Übersicht
Übersicht
Übersicht
Data Types
Three types of data were collected from each participant, with a total of 98 Persian, 54 Spanish-Catalan and 102 French speakers from Tehran, Barcelona and Paris, respectively.
The speaker sample was roughly balanced in terms of gender and age, the Spanish and Catalan data was collected from fairly balanced bilinguals.
Spontaneous speech
Data collection
Spontaneous speech data was collected from every participant through an interview. The strategy used for the collection of speech data in Spanish, French and Persian was to engage the participants in a game-task in which they took on the role of a police investigator in a fictive murder case who talked to the doorman of the building that the dead body had been found in. This procedure allows participants to choose which aspects of the case they want to talk about. Moreover, it has the advantage of requiring the interviewee to produce both declarative and interrogative utterances, the latter being rather rare in free interview situations.
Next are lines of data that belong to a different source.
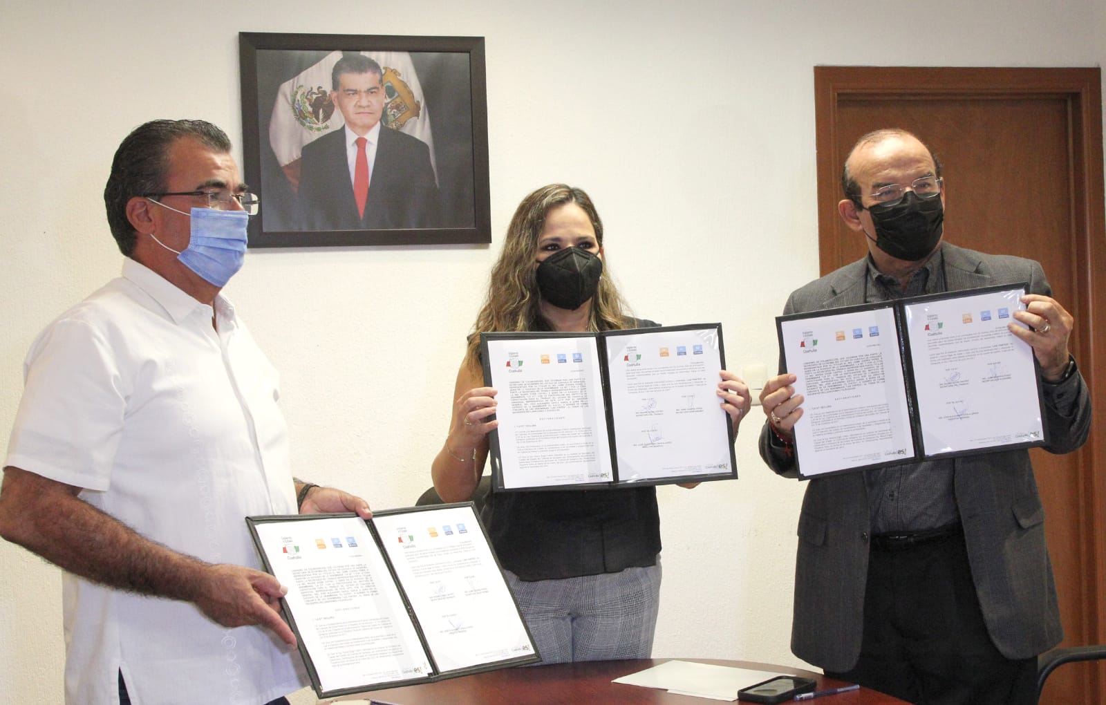 Los titulares de ambas dependencias estatales, Nazira Zogbi Castro y Jaime Guerra Pérez, respectivamente, signaron el acuerdo con el Director General del Instituto, José Alejandro Dávila Garza.
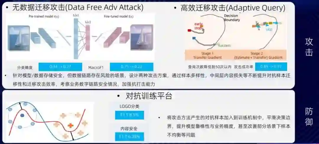 在对抗机器学习中,我们主要采用的是左右手互搏的方式,即假定我们对模型本身没有太多的了解,基于这样一个假定去攻击我们的系统(黑盒攻击)。我们设计了两种攻击方式(如下图)。通过这样的一些攻击方案以及样本的多样性,我们希望不断提升样本的迁移性和迁移攻击效率,以此来考察业务当中数字链路的安全情况,增强抗打击能力。同时,我们将对抗攻击中产生的样本也放到了机器学习训练的平台里面。我们搭建了一个对抗训练的平台,将前面攻击方法所产生的样本融合到训练机制中,使得决策边界从红线变到蓝线,相应来说会更平滑,更平滑意味着通用性会变得更好,能够提升模型的鲁棒性,甚至在某些情况下能够改善样本不均衡的问题,从而带来业务精度的提升 [10] 。
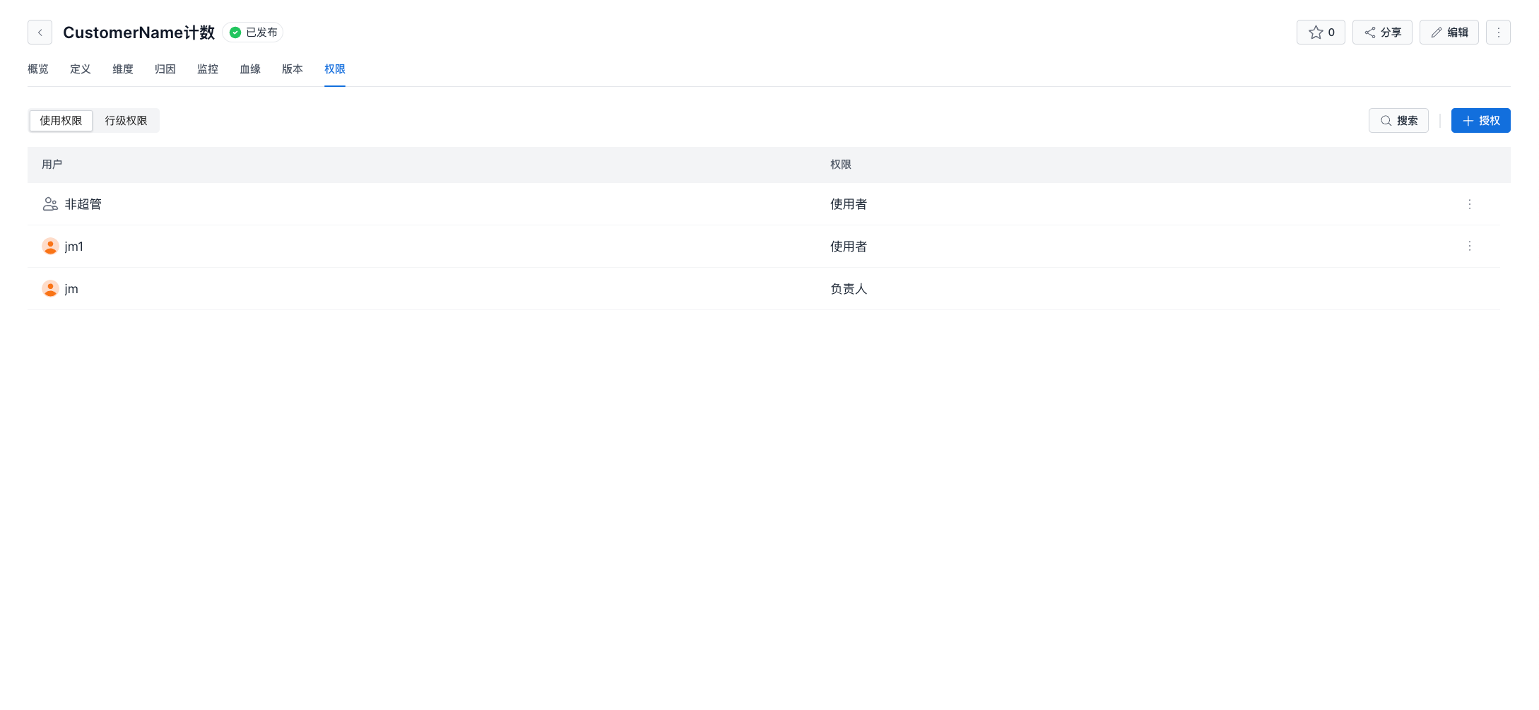 | 授权指标角色 | - 无默认管理角色:该指标不赋予任何预设权限。 - 指标管理员: - 具备指标定义的编辑权。 - 可授权或撤销其他用户/用户组的使用或管理权限(负责人享有全权限控制,非负责人权限调整范围受限)。 - 能够调整指标的分类归属。 - 指标使用者:仅享有指标的查看与使用权限,无编辑或权限分配能力。 |

For Catalan, a map-task was used to elicit production data (material). In order to animate a conversation, the instructor’s map differed slightly from the instructee’s one.
Data processing
The interviews were first manually transcribed by native speakers and then segmented and time-stamped sentence by sentence; i.e. each matrix clause and its subordinate clauses (if any) were treated as a single unit. The sentences were then annotated syntactically and include information on sentence mood, embedded clauses, type, movement to the periphery and grammatical roles. For each grammatical role, we also annotated some lexical, syntactic and semantic properties such as lexical realization (full NP, quantified NP, NPI, etc.), verb class, aspect, modality, finiteness, person and number. Some language-specific features (differential object marking in Spanish, scrambling in Persian) have also been captured.
Aside from the syntactic annotation, the corpus also contains some information-structural analysis. An algorithm for topic annotation has been developed for Spanish and will be adopted for other languages as well.
Gradient acceptability judgements
The second data type is based on the gradient acceptability judgment tests in all four languages. The stimuli mainly consist of theoretically decisive wh-, cleft-, focus- and scrambling constructions.
Persian and French participants took part in a paper-and-pencil experiment in which they read stimuli on a test sheet and expressed their judgments by drawing a line.
In order to also account for phonological factors, a gradient acceptability judgment test with auditory stimuli was developed for Spanish and Catalan. The test was a randomized computer-based version of the previous paper-and-pencil version. The participants read and listened to a test sentence and rated it on a continuous scale.
Social metadata
The third type of data presented in the corpus is based on a social metadata questionnaire and observation.
The questionnaire is comprised of the following information:
- General demographic information (sex, age, etc.)
- Occupation of interviewees and their close relatives (father, mother and partner) (according to ISCO, ILO 2008 and PCS, INSEE 2003)
- Education level of interviewees and their close relatives (father, mother and partner)
- Socio-economic indicators such as housing situation, neighborhood, vacation type, interviewees’ income and possessions such as household, basic or luxury goods
- Interviewees’ dwelling occupancy index (INSEE, 2005)
- Interviewees’ lifestyle such as favorite types of leisure, media, clothing, values
Another piece of information concerning the social status of interviewees was collected through the observation of clothing, appearance, speech register, etc.